Instruction for the entries below: return the part that opens with the line containing "パテ乾燥の後、サンディング作業、マスキング作業、脱脂作業、エアブローを行い、" and closes with the line containing "A CASED HALLMARKED", exactly, and no pictures.

Raw data: Begin

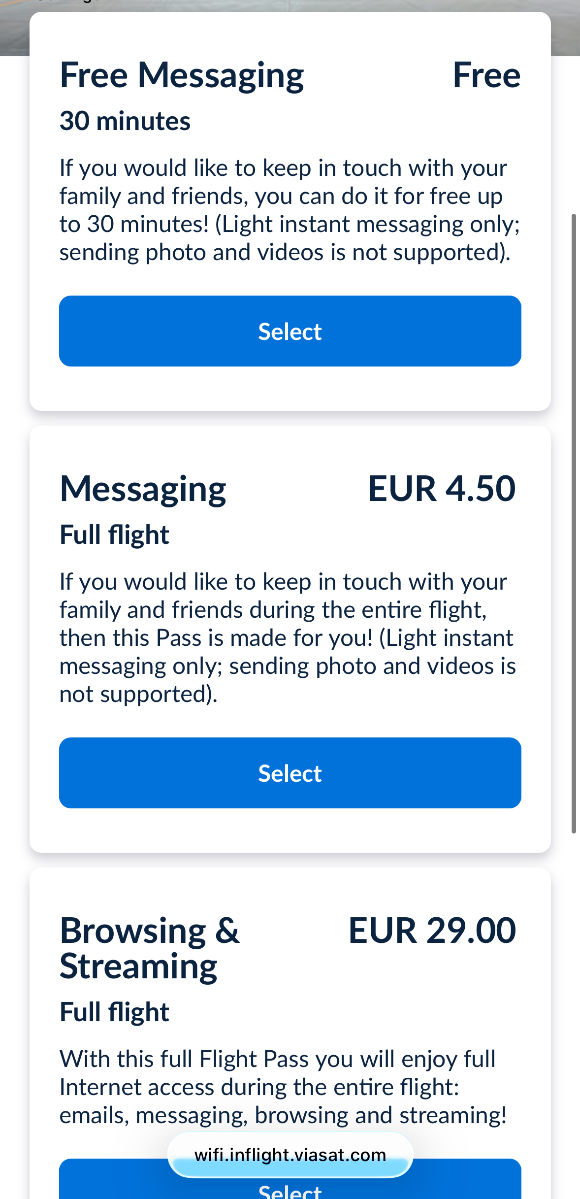 Wifi was available on my next flight, though, and there it worked. So, I could take some snaps of the different data plans which ITA Airways offers onboard.
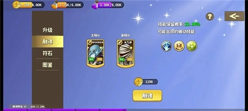 我选祭司做主随从、木乃伊当副随从的话,融魂后肯定能拿到祭司的第一个被动技能——这也是职业特有的,简称职业被动,每个职业都只有这么一个。而后面两个被动技能,每个都有23%的几率附加。另外,融魂之后副随从会被消耗掉。
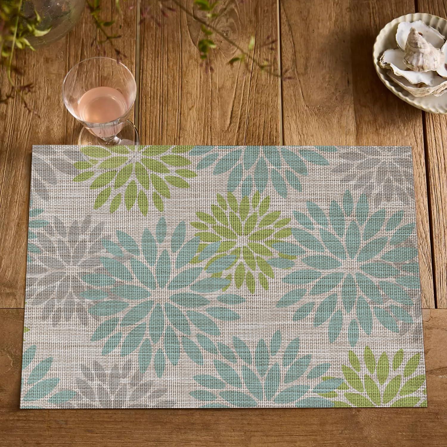Artoid Mode Floral Vinyl Placemats Set of 4, 12×18 Inch Heat Resistant Washable Non-Slip Plistic PVC Place Mats for Party Kitchen Dining Decor, Pink Blue(Sage)
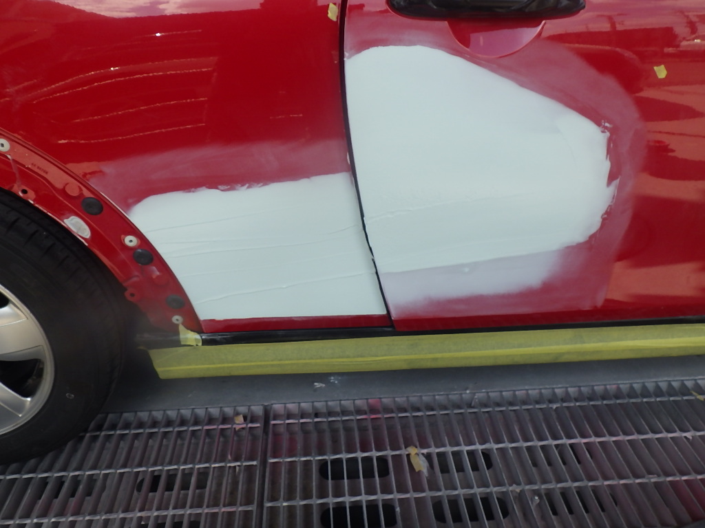パテ乾燥の後、サンディング作業、マスキング作業、脱脂作業、エアブローを行い、
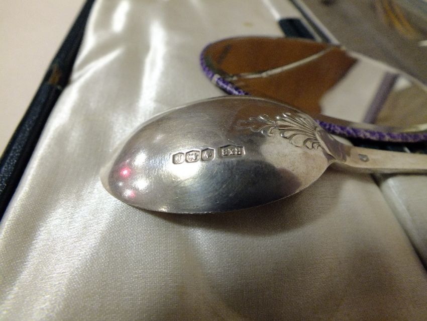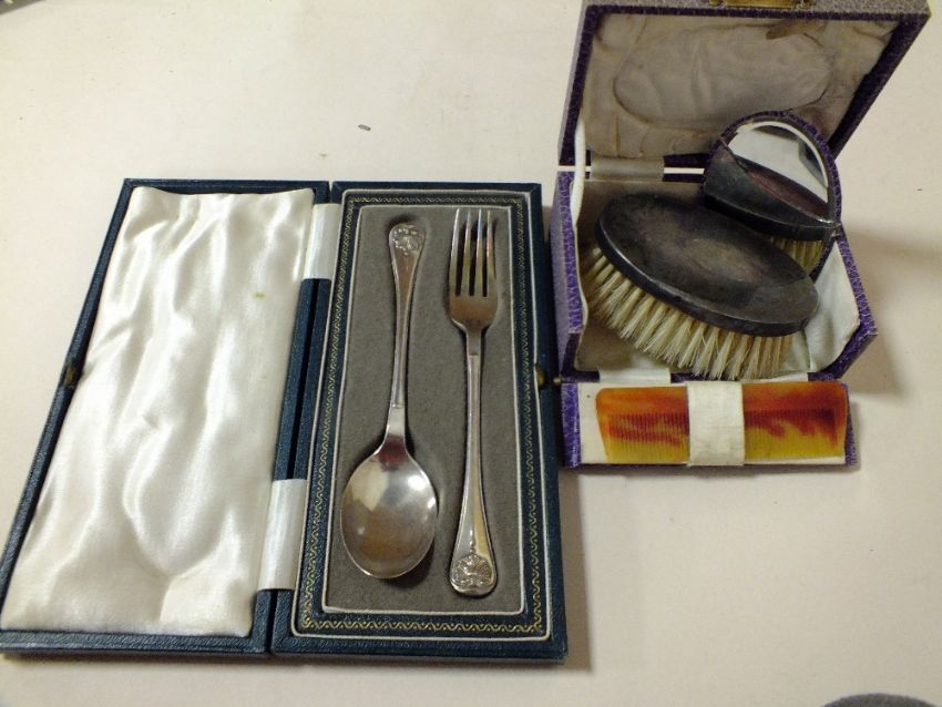 A CASED HALLMARKED SILVER HAND BRUSH TOGETHER WITH A HALLMARKED SILVER SPOON AND FORK SET
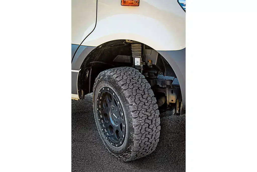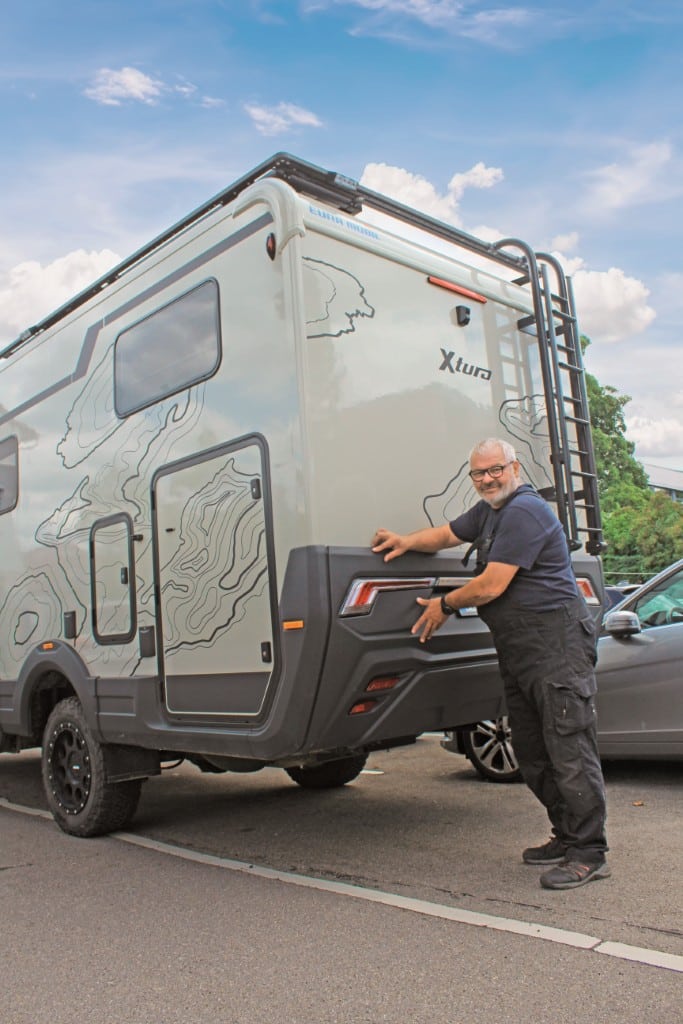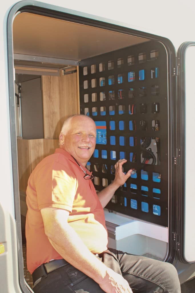 In der Heckgarage, hinter einem Metallgitter gut geschützt, befindet sich die hochwertige Elektrik mit Ladegerät samt Wechselrichter, Solarreglern und 300-Ah-LiFePo4-Akku von Victron. Das System soll das Fahrzeug unter optimalen Bedingungen und bei sparsamster Nutzung laut Hersteller bis zu 30 Tage elektrisch autark machen. Hierfür ist das begehbare Dach mit zwei optionalen Solarpaneelen sowie mit Dachreling und Klappleiter am Heck ausgestattet. Alle diese Anbauteile an der Heckwand und auf dem Dach sind solide befestigt und ebenso vertrauenerweckend wie der gesamte Aufbau.
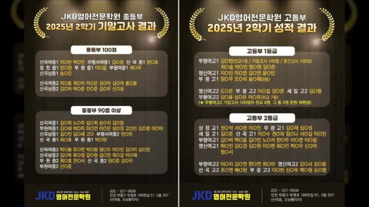 부평 영어학원 명가 산곡동 JKD영어전문학원 재원생 25년 2학기 성적
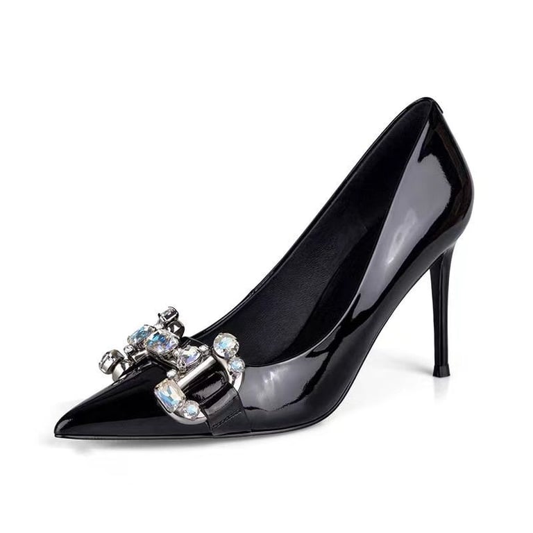 Elegant high heels adorned with a buckle featuring rhinestones.

Raw data: End

▸ Response below
パテ乾燥の後、サンディング作業、マスキング作業、脱脂作業、エアブローを行い、
 A CASED HALLMARKED SILVER HAND BRUSH TOGETHER WITH A HALLMARKED SILVER SPOON AND FORK SET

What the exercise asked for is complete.